— Стало быть, вы ходатайствуете за нее?
Мира хотела ответить, но осеклась. Вспомнила, что и сама находится под обвинением. Какое право она имеет просить о чем-либо?..
— Ваше величество, — сказала Мира, — вы говорили со мною слишком милостиво и приязненно, и я, по легкомыслию своему, забылась. Но мое положение перед законом, очевидно, мало отличается от положения леди Ионы. Потому не могу не спросить, ваше величество: зачем вы вызвали меня? Объявить ли приговор, выслушать ли мои оправдания?..
Адриан позволил искоркам теплоты вспыхнуть в уголках темных глаз.
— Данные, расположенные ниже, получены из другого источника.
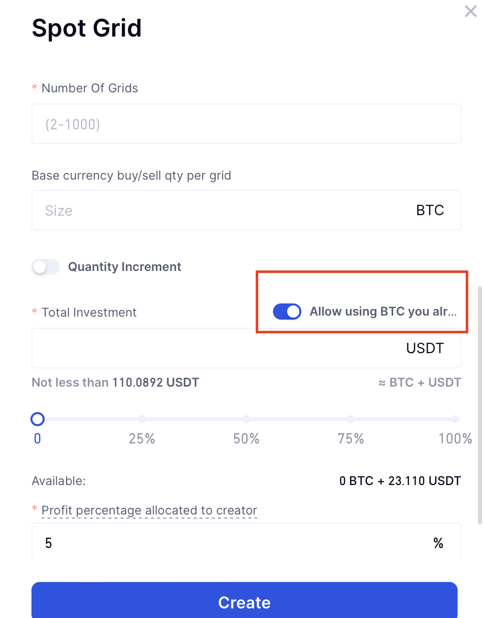 Bot Pool - إنشاء روبوت - Spot Grid - إنشاء روبوت - اختيار السوق - تعيين المعلمات - السماح باستخدام الرموز المميزة الموجودة لديك بالفعل - إنشاء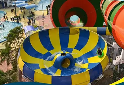 “Tornado Funnel” is a cone-shaped dia of 40ft. in which two riders at a time slide down on a raft entering through a tunnel length of 260ft. from a tower height of 40ft. with a momentary zero-gravity experience. The centrifugal forces keep the riders high on the wall for several turns and after a series of exciting oscillations through the funnel, they descend into a closed tunnel and splash into a pool of crystal clear water.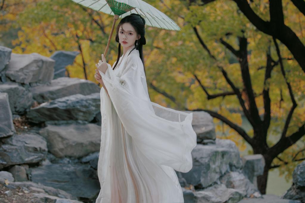 林允穿白色古装仙气十足 手撑纸伞清冷迷人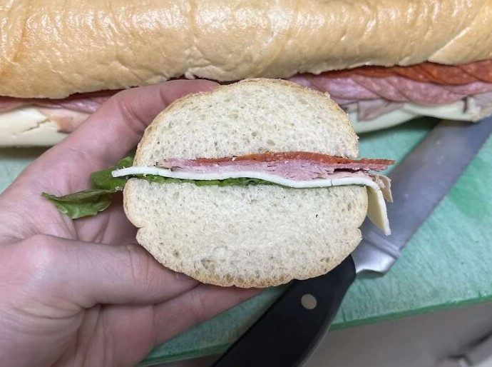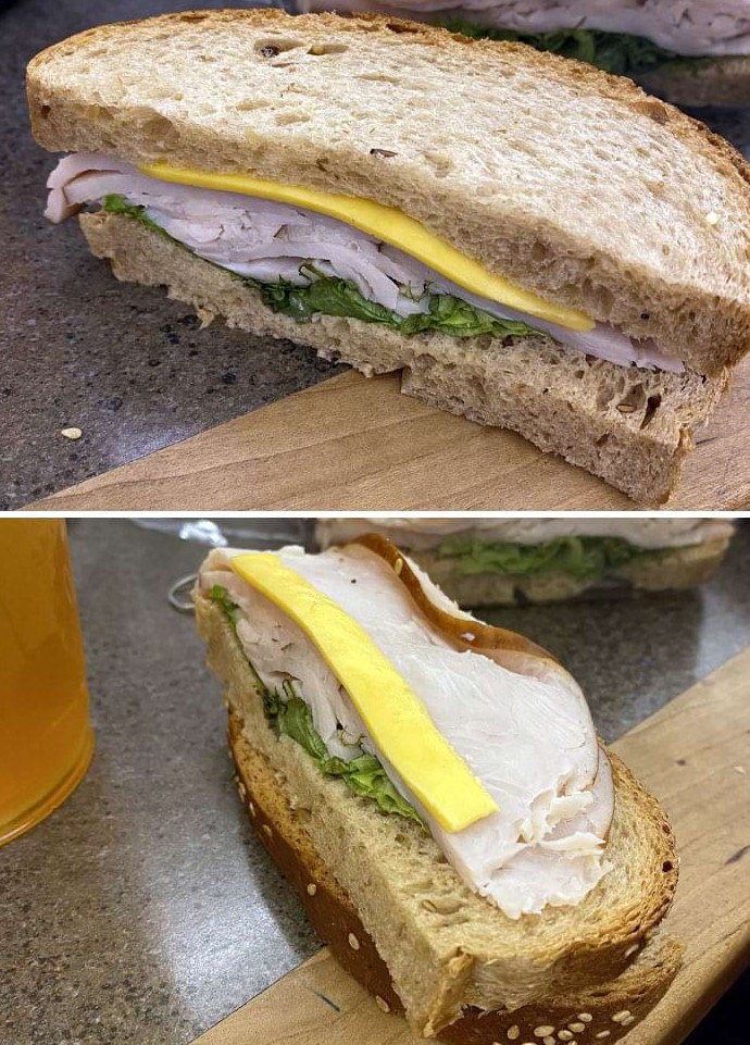 «Моя девушка заказала сэндвич с индейкой и сыром. Сняв верхнюю часть, я увидел, что сыра почти нет»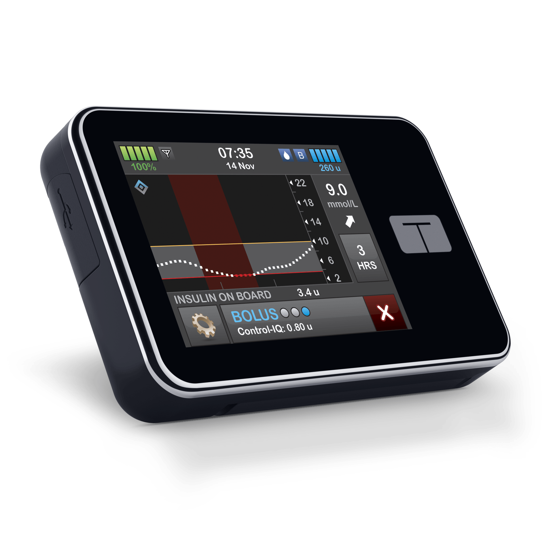 The t:slim X2 insulin pump with Control-IQ technology (the System) consists of the t:slim X2 insulin pump, which contains Control-IQ technology, and a compatible continuous glucose monitor (CGM, sold separately). The t:slim X2 insulin pump is intended for the subcutaneous delivery of insulin, at set and variable rates, for the management of diabetes mellitus in people requiring insulin. The t:slim X2 insulin pump can be used solely for continuous insulin delivery and as part of the System. When used with a compatible CGM, the System can be used to automatically increase, decrease, and suspend delivery of basal insulin based on CGM sensor readings and predicted glucose values. The System can also deliver correction boluses when the glucose value is predicted to exceed a predefined threshold. The pump and the System are indicated for use in individuals six years of age and greater. The pump and the System are intended for single user use. The pump and the System are indicated for use with NovoRapid or Humalog U-100 insulin. The System is intended for the management of Type 1 diabetes.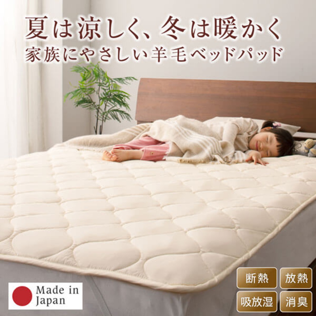 洗える・100%ウールの日本製ベッドパッド キング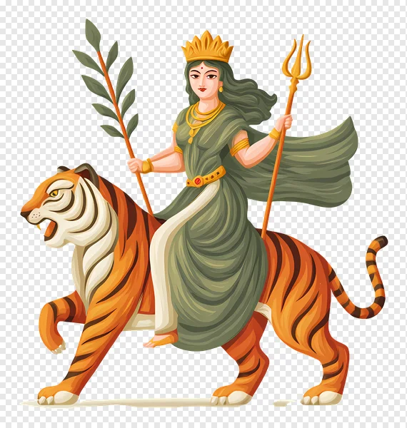 Download this Goddess Durga On Tiger - Mythological Goddess Riding a Tiger png PNG image with transparent background which is free of cost. You don't need to remove background anymore. Scroll down to download more similar styles of Goddess PNG images. They are perfectly suitable for designing presentations, stickers, banners or sharing on social media.

— Вы мне симпатичны, миледи, потому и позвал. Вы смеетесь тогда же, когда и я. Вам легче даются беседы о стратегии, чем о чувствах. Вы тщеславны и скромны в одночасье: знаете, что достойны очень многого, но из скромности берете очень мало. И вы из тех существ, над коими боги, создавая мир, трудились с особенной любовью: вы — умная женщина, миледи.
Последовала пауза.
— А что до оправданий… Вы же знаете аргументы, доказывающие вашу невиновность?
— Двенадцать, ваше величество.
— Забудьте их. Не унижайте себя произнесением вслух. Просто знайте, что я вам верю.
Что сказать после такого? Что?.. Все окажется ничтожным, мизерным. Все прочее неважно, ведь сказанных слов уже хватает с лихвой для счастья!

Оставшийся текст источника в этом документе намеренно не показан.